Here's a way to pay for a healthier planet
by Anne Field
A few years ago, the Mexican government pinpointed a promising method
for reducing carbon dioxide emissions: Encourage Mexicans to trade in
their old refrigerators, air conditioners, light bulbs and the like for
more up-to-date models. After all, about 80 percent of the country's
energy comes from fossil fuels, and household appliances account for
about a quarter of its electricity use.
But how to pay for the program, while making it affordable for poor
households?
The answer: A financing mechanism called a green bond.
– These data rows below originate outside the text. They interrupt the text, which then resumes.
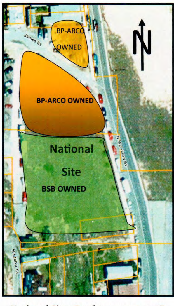
National Site: Total acreage = 1.15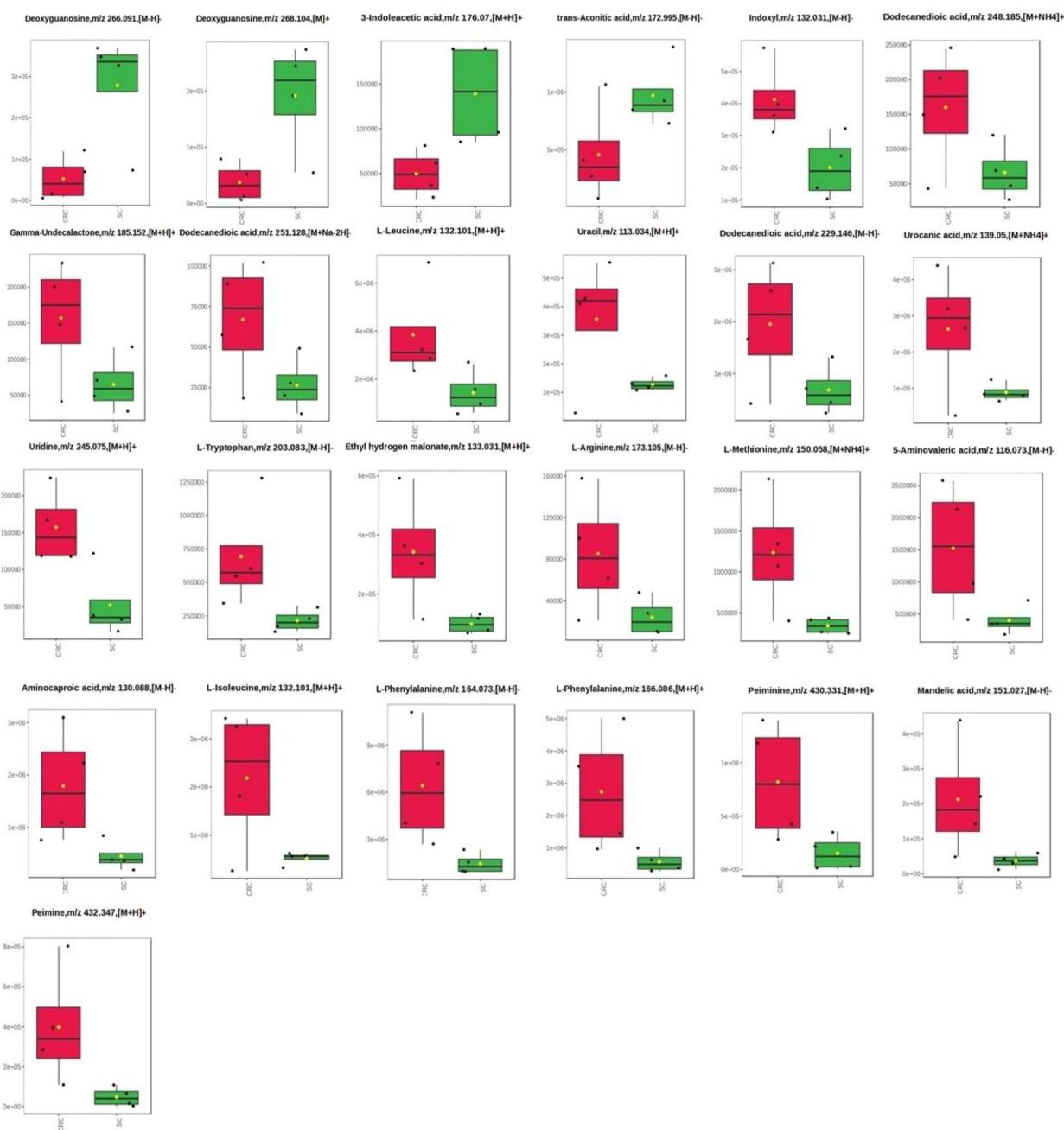
FIGURE 3 The levels of metabolites among SC and CRC.

University of Gdansk, Gdansk, Poland) in which we analyse the impact of anti-cancer treatment regarding chemotherapy and radiotherapy on untargeted metabolomics aspects. This project is currently ongoing in cooperation with multi-disciplinary team of both oncologists and oncological surgeons. It is also recommended to investigate untargeted metabolomics among patients with similar both stage and grade of the cancers, nevertheless it might be challenging to collect stool samples with larger sample size. However, it would provide promising strategy to be included in clinical aspects. Metabolomics-based biomarkers might provide earlier detection of cancers allowing to complete resection of tumour. Moreover, metabolomics-related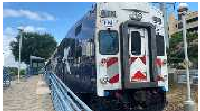
The Trinity Railway Express (TRE) train going from Dallas to Fort Worth (1 hour trip)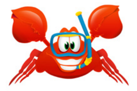
Meet Dr Crab, the "Fishtales" mascot

Whilst focusing on Indian examples, the site will cover all marine and coastal ecosystems around India including mangroves, coral reefs, sandy and rocky beaches, and wetlands. Games, illustrations and photos will supplement the learning experience to create useful learning tool for youth around the region, particularly in other MFF countries.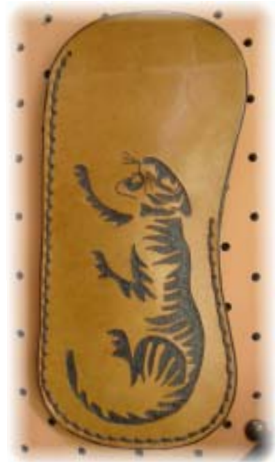
Eye Glasses Case

size 12. Please follow the directions below to make sure you get the proper size.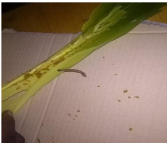
D. Early instar larvae of S. frugiperda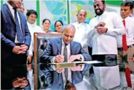
වරාය නංවන්න කෙටි - මධ්‍ය - දිගු කාලීන සංවර්ධන සැලසුමක් ක්‍රියාමත කරනවා

කෙටි කාලයක දී වරාය හා සංවර්ධන ක්ෂේත්‍රය යටට හා පළාත් පාලන මට්ටම වන දෙය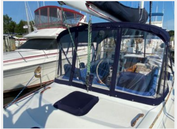
Irwin 43 MK III - Ancora Qui - 12

After
implementing this new strategy for funding environmentally friendly
investments, the Mexican initiative is on track to reduce CO2 emissions
by more than one million tons a year for the foreseeable future - the
equivalent of cutting the carbon emissions of 217,000 cars annually,
according to green bond pioneer World Bank, which issued the instrument.
In fact, the project is just one of scores of efforts around the world
aimed at reducing carbon emissions or helping communities adapt to
climate change - initiatives that are being paid for, at least
partially, by this new type of financing.
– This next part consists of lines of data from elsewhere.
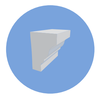
Rams Crown 1-3/8" x 2-1/16" x 16' 6/bundle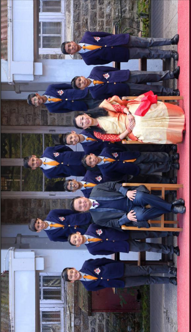
Everest House, 2022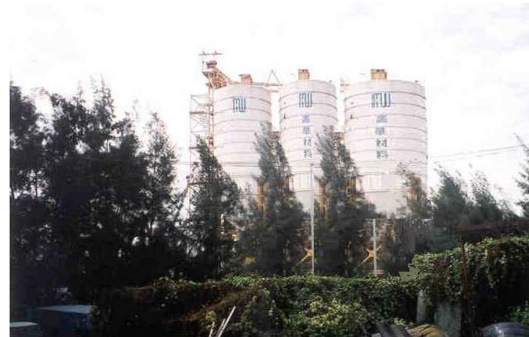
Figure 2b Photomontage showing view from Casa Marina III (VSR 1) towards the site (after the project without visual impact mitigation measures).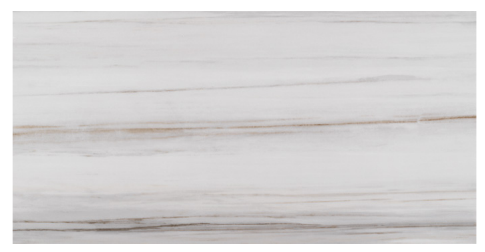
ALU10 24x48 ALU10P 24x48 Polished (not shown)

ALU10P/L3/4x24 Inlay Wall Liner Silver (polished only)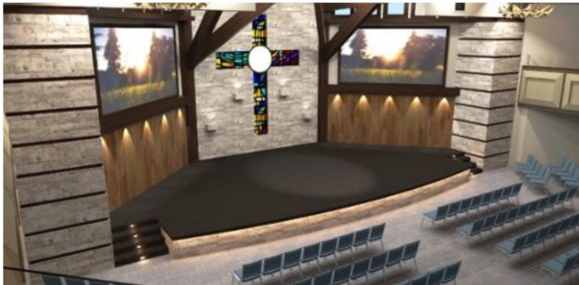
GREENWOOD COMMUNITY CHURCH, SANCTUARY REMODEL, GREENWOOD VILLAGE, CO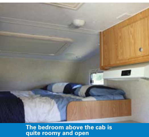
The bedroom above the cab is quite roomy and open

The Northstar Nomad is a hardwall camper, with insulated fibreglass wall panels and strong roof where solar panels can be mounted.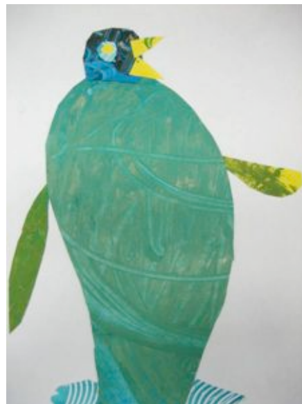
Student Art Work from the Art Show

By year end, experts expect the total amount invested in such bonds
to hit $40 billion, up from just $2 billion in 2012.
"We've never seen this kind of exponential jump in market size," says
Mindy Lubber, president of Ceres, an environmental advocacy group based
in Boston.
Needed: $1 trillion per year Adopting environmentally friendly
technologies and techniques, from wind and solar installation to
watershed management, is costly - very costly.
According to the International Energy Agency, we need to invest at
least an additional $1 trillion per year just into clean energy projects
worldwide by 2050 to ensure that global warming is limited to 2 degrees
Celsius, avoiding the most catastrophic effects of climate change.
"The focus is on allowing us to transition to a low-carbon economy -
and to do it quickly," says Sean Kidney, CEO and co-founder of the
Climate Bonds Initiative, a London-based nonprofit.
Tapping a long-established financing mechanism - bonds - is a way to
boost the chances investors, from pension funds to asset managers, will
get involved. "Investors like vehicles they're comfortable with," says
Lubber.
"If we tried something completely new, it would be harder."
Projects funded by green bonds are located throughout the world and
focus on a variety of goals, from increasing the resiliency of water
systems to boosting energy efficiency.
The first issuers were development banks, such as the World Bank and
the European Bank for Reconstruction and Development, which got the ball
rolling in 2007.
More recently, a flood of banks, utilities and government agencies,
among others, have started issuing green bonds.
While the bonds can be used for any environmentally friendly effort -
think cleaning up a polluted river - many are aimed at addressing the
impacts of climate change. Some are issued for specific projects.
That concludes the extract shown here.